--- Data shown ---

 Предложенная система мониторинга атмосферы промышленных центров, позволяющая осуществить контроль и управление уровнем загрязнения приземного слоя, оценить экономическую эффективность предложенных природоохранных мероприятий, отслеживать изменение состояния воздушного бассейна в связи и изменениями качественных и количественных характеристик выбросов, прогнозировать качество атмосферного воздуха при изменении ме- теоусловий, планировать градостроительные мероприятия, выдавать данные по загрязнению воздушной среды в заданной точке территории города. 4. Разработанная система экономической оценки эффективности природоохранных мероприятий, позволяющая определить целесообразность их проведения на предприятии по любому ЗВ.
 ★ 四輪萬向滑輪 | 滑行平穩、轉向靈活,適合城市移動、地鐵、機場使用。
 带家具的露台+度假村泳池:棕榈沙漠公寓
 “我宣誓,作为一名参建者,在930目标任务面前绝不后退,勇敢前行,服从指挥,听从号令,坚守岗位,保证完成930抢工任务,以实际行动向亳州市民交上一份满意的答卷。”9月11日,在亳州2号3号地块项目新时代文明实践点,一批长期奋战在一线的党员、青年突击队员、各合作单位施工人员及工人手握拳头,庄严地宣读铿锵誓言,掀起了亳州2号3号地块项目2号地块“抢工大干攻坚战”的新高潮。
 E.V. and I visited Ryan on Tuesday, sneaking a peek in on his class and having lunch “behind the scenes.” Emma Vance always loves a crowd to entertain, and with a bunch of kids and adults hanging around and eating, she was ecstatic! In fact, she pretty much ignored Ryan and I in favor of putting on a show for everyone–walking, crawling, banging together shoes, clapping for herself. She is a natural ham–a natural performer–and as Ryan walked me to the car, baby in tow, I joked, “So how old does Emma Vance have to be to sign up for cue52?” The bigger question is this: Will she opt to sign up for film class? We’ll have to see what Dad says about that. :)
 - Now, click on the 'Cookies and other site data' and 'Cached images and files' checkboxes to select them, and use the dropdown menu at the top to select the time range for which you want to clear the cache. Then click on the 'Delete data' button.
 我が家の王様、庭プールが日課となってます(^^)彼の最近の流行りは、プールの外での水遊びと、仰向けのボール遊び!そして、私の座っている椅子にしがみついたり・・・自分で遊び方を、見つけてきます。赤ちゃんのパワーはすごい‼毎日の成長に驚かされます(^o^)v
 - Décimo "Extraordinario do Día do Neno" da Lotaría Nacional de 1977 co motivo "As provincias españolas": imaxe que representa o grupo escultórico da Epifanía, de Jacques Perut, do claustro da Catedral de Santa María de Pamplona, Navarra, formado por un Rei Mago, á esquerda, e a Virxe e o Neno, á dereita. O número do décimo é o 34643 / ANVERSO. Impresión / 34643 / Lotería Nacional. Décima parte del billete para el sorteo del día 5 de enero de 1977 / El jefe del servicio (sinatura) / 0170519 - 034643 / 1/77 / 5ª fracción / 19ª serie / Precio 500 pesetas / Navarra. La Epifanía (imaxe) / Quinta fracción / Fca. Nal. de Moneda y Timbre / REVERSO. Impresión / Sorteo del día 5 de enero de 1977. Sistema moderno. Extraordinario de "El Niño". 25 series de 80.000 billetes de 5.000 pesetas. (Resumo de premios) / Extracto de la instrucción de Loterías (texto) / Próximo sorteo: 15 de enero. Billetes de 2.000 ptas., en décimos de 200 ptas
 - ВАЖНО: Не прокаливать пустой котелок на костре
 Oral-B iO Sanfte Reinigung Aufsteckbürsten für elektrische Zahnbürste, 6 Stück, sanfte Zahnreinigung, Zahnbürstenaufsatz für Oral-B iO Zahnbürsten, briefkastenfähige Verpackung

--

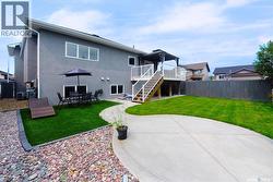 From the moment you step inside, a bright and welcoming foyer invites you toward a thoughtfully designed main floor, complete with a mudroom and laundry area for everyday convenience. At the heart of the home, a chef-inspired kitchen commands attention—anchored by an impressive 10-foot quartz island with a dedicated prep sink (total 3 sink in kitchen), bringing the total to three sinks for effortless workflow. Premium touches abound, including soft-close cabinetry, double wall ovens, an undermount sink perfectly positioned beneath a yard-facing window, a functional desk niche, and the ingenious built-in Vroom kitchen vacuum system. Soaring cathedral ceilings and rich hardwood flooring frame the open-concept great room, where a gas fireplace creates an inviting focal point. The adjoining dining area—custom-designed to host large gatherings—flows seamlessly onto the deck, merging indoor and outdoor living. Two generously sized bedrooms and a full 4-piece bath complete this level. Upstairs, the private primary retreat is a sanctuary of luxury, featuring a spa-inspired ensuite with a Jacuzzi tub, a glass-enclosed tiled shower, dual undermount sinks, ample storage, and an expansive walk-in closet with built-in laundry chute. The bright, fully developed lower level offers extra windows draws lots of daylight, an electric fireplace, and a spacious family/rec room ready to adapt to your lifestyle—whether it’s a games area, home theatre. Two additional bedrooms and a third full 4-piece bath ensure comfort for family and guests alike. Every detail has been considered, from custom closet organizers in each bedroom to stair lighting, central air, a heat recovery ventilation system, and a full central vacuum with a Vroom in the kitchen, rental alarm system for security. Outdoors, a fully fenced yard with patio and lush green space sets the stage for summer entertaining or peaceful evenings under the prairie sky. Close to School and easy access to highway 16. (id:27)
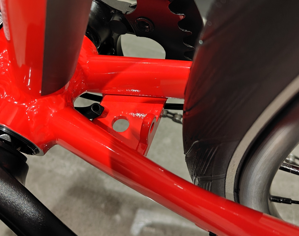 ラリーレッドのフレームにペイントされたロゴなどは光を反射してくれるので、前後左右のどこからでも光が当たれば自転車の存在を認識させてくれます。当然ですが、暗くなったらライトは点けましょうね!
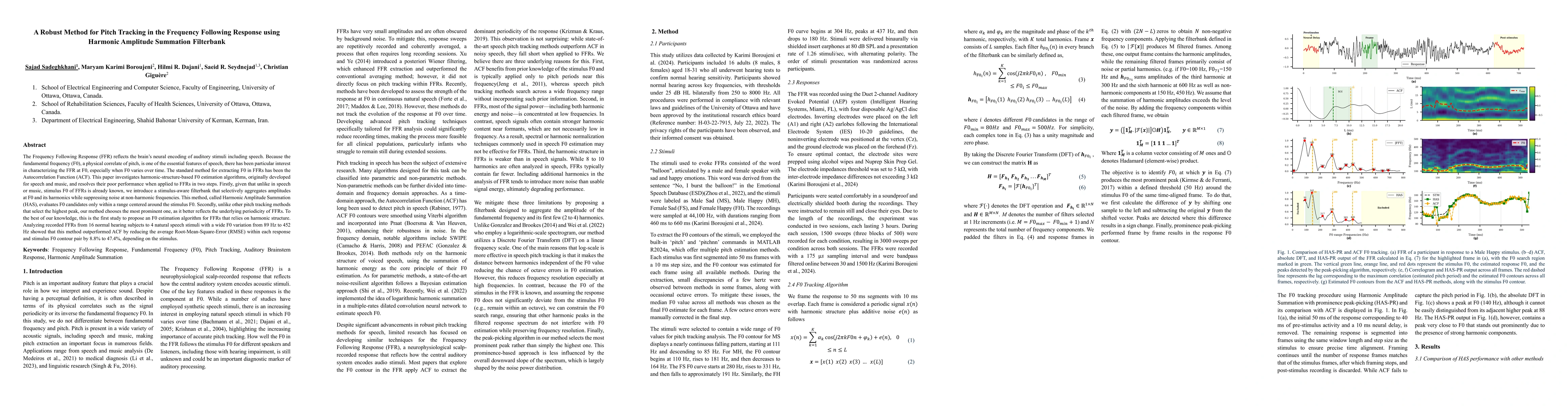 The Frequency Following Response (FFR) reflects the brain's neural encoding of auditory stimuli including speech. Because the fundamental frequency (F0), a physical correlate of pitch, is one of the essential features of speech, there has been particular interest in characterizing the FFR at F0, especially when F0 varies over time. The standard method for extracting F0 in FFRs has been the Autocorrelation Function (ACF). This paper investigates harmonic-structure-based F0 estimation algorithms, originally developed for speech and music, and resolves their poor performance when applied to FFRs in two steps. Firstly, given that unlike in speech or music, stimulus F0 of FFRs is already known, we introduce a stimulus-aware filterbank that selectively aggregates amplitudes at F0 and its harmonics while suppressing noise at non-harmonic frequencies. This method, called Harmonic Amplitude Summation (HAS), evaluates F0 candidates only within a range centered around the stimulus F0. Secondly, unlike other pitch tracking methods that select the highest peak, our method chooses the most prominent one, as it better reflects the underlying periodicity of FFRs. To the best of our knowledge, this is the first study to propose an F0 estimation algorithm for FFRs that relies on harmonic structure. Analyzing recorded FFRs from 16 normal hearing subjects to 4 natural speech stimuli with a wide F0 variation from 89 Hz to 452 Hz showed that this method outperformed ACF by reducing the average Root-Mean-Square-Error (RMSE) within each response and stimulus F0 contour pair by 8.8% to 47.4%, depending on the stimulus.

---

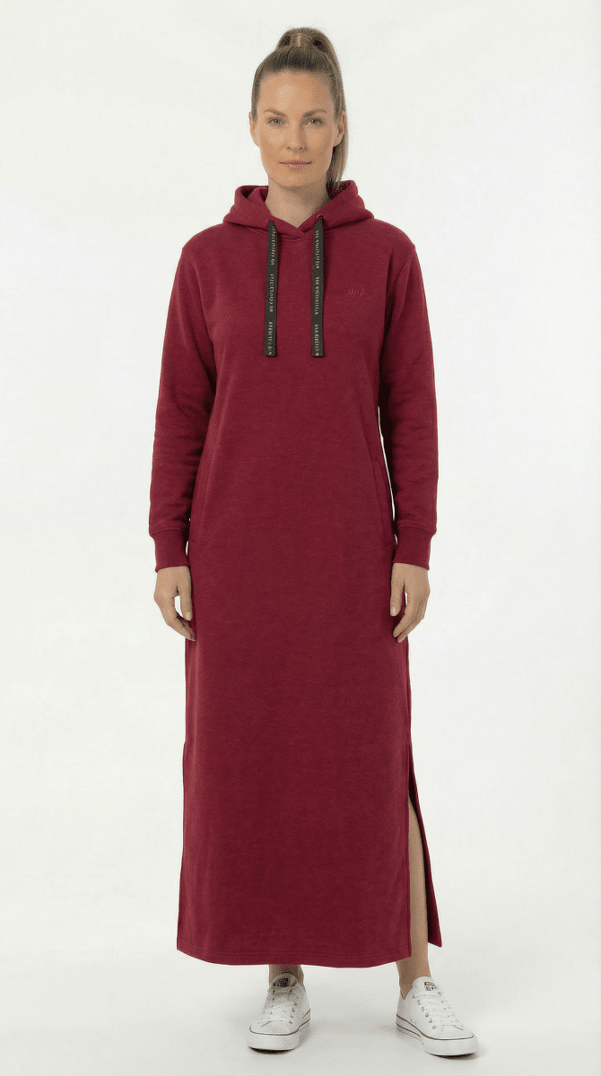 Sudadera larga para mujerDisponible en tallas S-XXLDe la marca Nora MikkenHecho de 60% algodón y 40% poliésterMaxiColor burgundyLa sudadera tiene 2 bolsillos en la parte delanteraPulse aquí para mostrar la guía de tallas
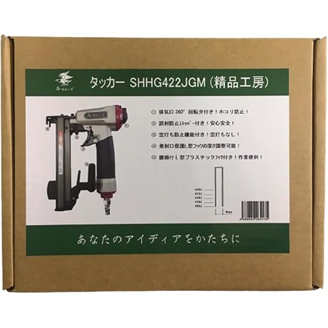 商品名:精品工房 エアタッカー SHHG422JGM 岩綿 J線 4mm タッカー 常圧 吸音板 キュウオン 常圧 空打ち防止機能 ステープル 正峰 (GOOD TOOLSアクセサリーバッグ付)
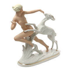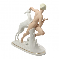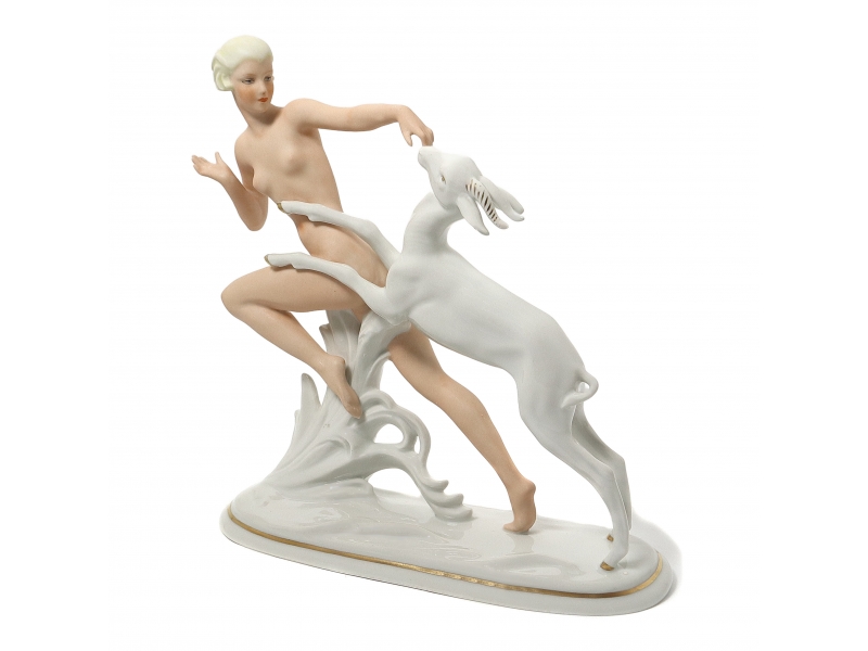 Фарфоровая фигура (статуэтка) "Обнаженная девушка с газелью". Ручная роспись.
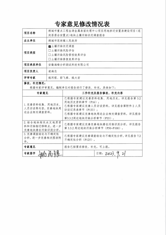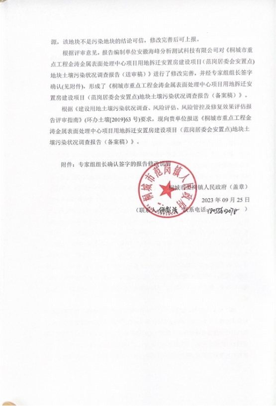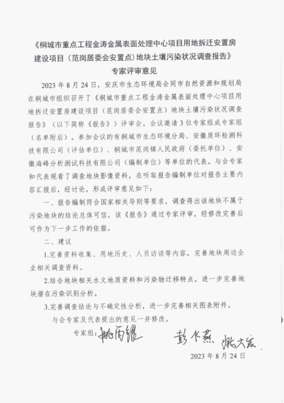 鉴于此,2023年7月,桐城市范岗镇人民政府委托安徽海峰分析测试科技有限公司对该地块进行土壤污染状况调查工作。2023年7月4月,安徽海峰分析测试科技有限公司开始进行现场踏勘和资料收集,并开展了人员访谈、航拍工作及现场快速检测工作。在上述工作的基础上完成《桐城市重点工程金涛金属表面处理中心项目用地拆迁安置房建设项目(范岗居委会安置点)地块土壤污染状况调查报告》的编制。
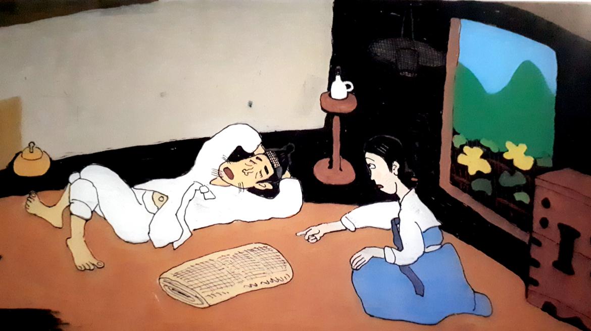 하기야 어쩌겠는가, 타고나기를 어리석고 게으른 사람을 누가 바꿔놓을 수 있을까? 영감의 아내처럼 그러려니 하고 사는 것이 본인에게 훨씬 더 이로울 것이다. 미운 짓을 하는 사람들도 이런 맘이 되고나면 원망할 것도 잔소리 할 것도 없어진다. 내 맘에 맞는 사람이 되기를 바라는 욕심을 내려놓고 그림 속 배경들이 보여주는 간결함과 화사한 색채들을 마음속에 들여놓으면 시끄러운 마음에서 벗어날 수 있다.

--- Work to complete ---
Return only the part of the records above that opens with the line containing "四輪萬向滑輪 | 滑行平穩、轉向靈活,適合城市移動、地鐵、機場使用。" and closes with the line containing "我が家の王様、庭プールが日課", ends included.

--- Solution ---
 ★ 四輪萬向滑輪 | 滑行平穩、轉向靈活,適合城市移動、地鐵、機場使用。
 带家具的露台+度假村泳池:棕榈沙漠公寓
 “我宣誓,作为一名参建者,在930目标任务面前绝不后退,勇敢前行,服从指挥,听从号令,坚守岗位,保证完成930抢工任务,以实际行动向亳州市民交上一份满意的答卷。”9月11日,在亳州2号3号地块项目新时代文明实践点,一批长期奋战在一线的党员、青年突击队员、各合作单位施工人员及工人手握拳头,庄严地宣读铿锵誓言,掀起了亳州2号3号地块项目2号地块“抢工大干攻坚战”的新高潮。
 E.V. and I visited Ryan on Tuesday, sneaking a peek in on his class and having lunch “behind the scenes.” Emma Vance always loves a crowd to entertain, and with a bunch of kids and adults hanging around and eating, she was ecstatic! In fact, she pretty much ignored Ryan and I in favor of putting on a show for everyone–walking, crawling, banging together shoes, clapping for herself. She is a natural ham–a natural performer–and as Ryan walked me to the car, baby in tow, I joked, “So how old does Emma Vance have to be to sign up for cue52?” The bigger question is this: Will she opt to sign up for film class? We’ll have to see what Dad says about that. :)
 - Now, click on the 'Cookies and other site data' and 'Cached images and files' checkboxes to select them, and use the dropdown menu at the top to select the time range for which you want to clear the cache. Then click on the 'Delete data' button.
 我が家の王様、庭プールが日課となってます(^^)彼の最近の流行りは、プールの外での水遊びと、仰向けのボール遊び!そして、私の座っている椅子にしがみついたり・・・自分で遊び方を、見つけてきます。赤ちゃんのパワーはすごい‼毎日の成長に驚かされます(^o^)v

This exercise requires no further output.